Time in the woods is more valuable to me than a few pictures of a waterhole or trail ... and if you have the time to scout a place to put a camera, and then check it regularly to see what is frequenting (before some schmoe deletes your pics or steals your $150+ camera) you might as well have some good glass to use while there... not to mention a trail-cam is very limited in its capture area - though good for tight spots where animals may congregate - but you don't get to choose the quality of animals that you'll get pictures of, whereas glass will go with you wherever the animals take you. :O||: 

I am bringing in some sample cameras in March to test if you are considering them seriously and maybe we could work out a "Field test" for you since I know where you live  - I would only recommend a camera with IR flash as they are not detected by wary hunters looking to get free gear off public lands -8/- (Speaking from experience of loosing a couple + treestands  )

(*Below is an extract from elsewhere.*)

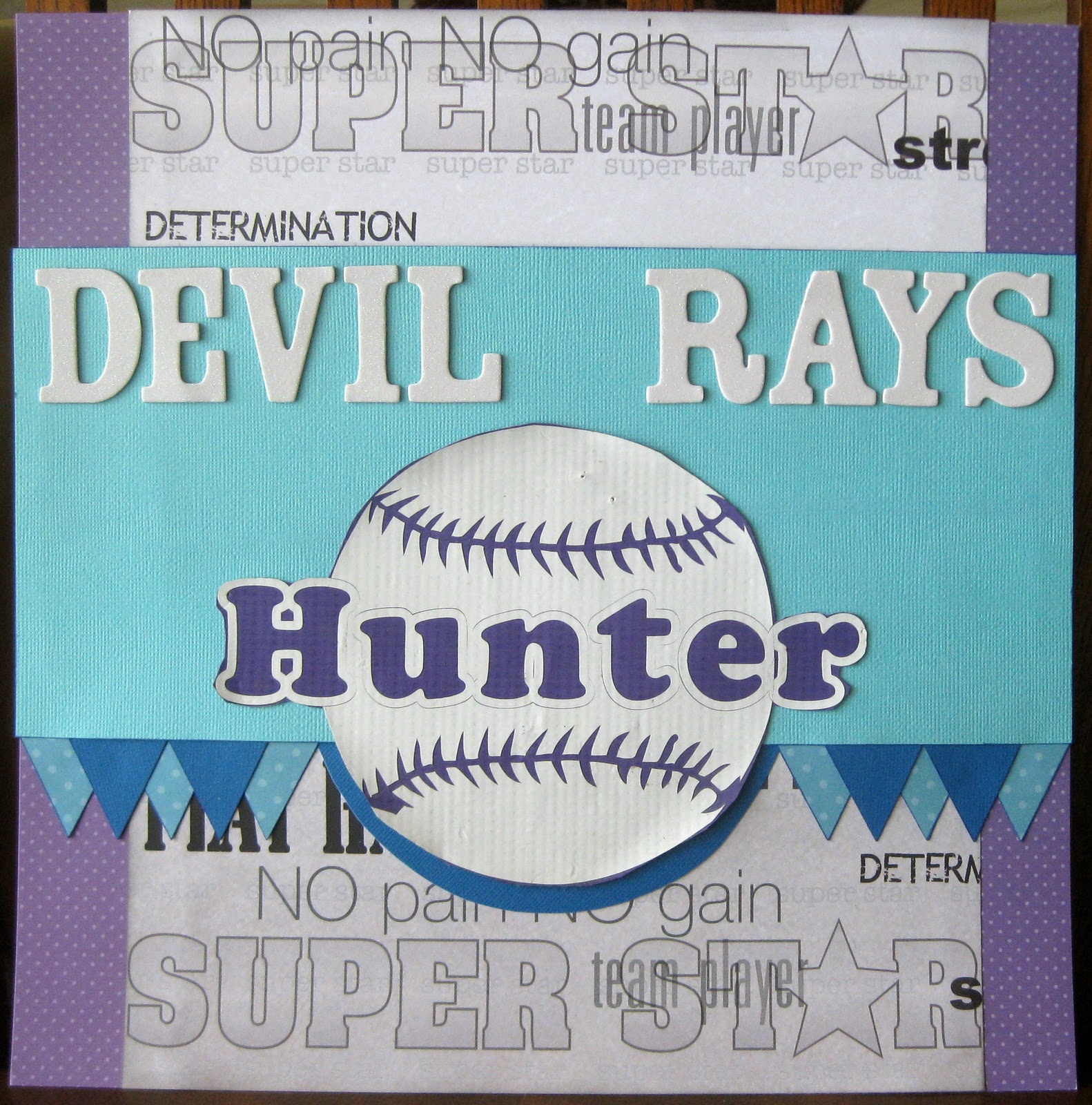 Based on this sketch at If It's Groovy. I loved this sketch! I had already done my son's "sports" book in 8x8, even bought an extra book so I could add more later...unfortunately, in high school the pictures are 8x10!!!! Oh well, it was one of my first books, so I don't mind re-doing this one ;) That being said, this is my now 15 year old when he was 5 and playing T-Ball--a league away from the Little League World Series champs LOL! We live in the same city, but there are at least 3 leagues here that I know of, we still rooted for them and are very proud that they are from Huntington Beach :) I used the colors of his team, with the blue cardstock and purple dot paper. The sports words paper is from Paper House Productions. I wanted to add a little something something, so I went through my scraps, and used my Fiskars triangle punch to make a little pennant banner.

If you are looking for some glass, that is a bit different, cause they are so wide ranging in quality and prices... figure out what the best you can afford will cost, then sit on your hands and save up for a pair of Swarovski glass or a scope... you won't regret it.


----------



## team-A&S (Feb 1, 2010)

I think you're all on crack! Glass is great when hunting the open, desert sheep, elk, or perhaps gophers on a good golf course. Trail cameras are awesome for setting up that buck for an opening day slaughter. Ok so I said it, each have their place. But one does not over power the other except for in opinion.


----------



## proutdoors (Sep 24, 2007)

MEEN said:


> 3) A big buck never uses the same path and generally even cycle feeding areas. SO even if you do get one to say cheese on your camera, good luck seeing him in the tiny spot your camera caught him in once the season rolls around. Unless you got a feeder.


I have to disagree with this claim. I think the single most effective way to consistently harvest mature mule deer bucks during archery season is by patterning them, which is easier to do than patterning mature bull elk.

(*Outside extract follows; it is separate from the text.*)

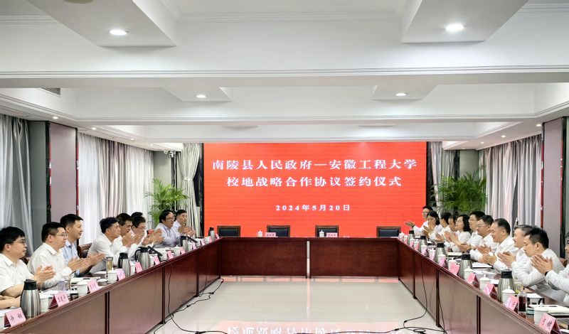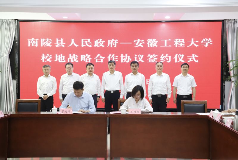 5月20日,校党委书记张志宏带队赴南陵县人民政府签订战略合作协议。校党委副书记、校长卢平,校党委常委、副校长凤权,南陵县县委书记李新宇,县委副书记、县长强健,县委常委、常务副县长潘吉平,县委常委、组织部部长王旸,县政府副县长俞悦,南陵县有关部门负责人、学校相关职能部门、学院主要负责人参加。签约仪式由王旸主持。

Having said that, I tend to agree with team-A&S, both have their place. But, if I had to chose a camera or glass, I will take glass EVERY time. That way I can pattern them from far away.


----------



## MEEN (Jan 27, 2009)

proutdoors said:


> MEEN said:
> 
> 
> > 3) A big buck never uses the same path and generally even cycle feeding areas. SO even if you do get one to say cheese on your camera, good luck seeing him in the tiny spot your camera caught him in once the season rolls around. Unless you got a feeder.
> ...


I didn't say they didn't have a pattern. The big bucks I watch have several bedding and feeding areas so to put a camera that watches a 20 ft arc in hopes of patterning the buck is well crazy! IMO. At least we can agree on the glass.  With glass you know whats there. You never know what you will find on a camera. The best would be to have both because it depends on the situation, but that is not an option.


----------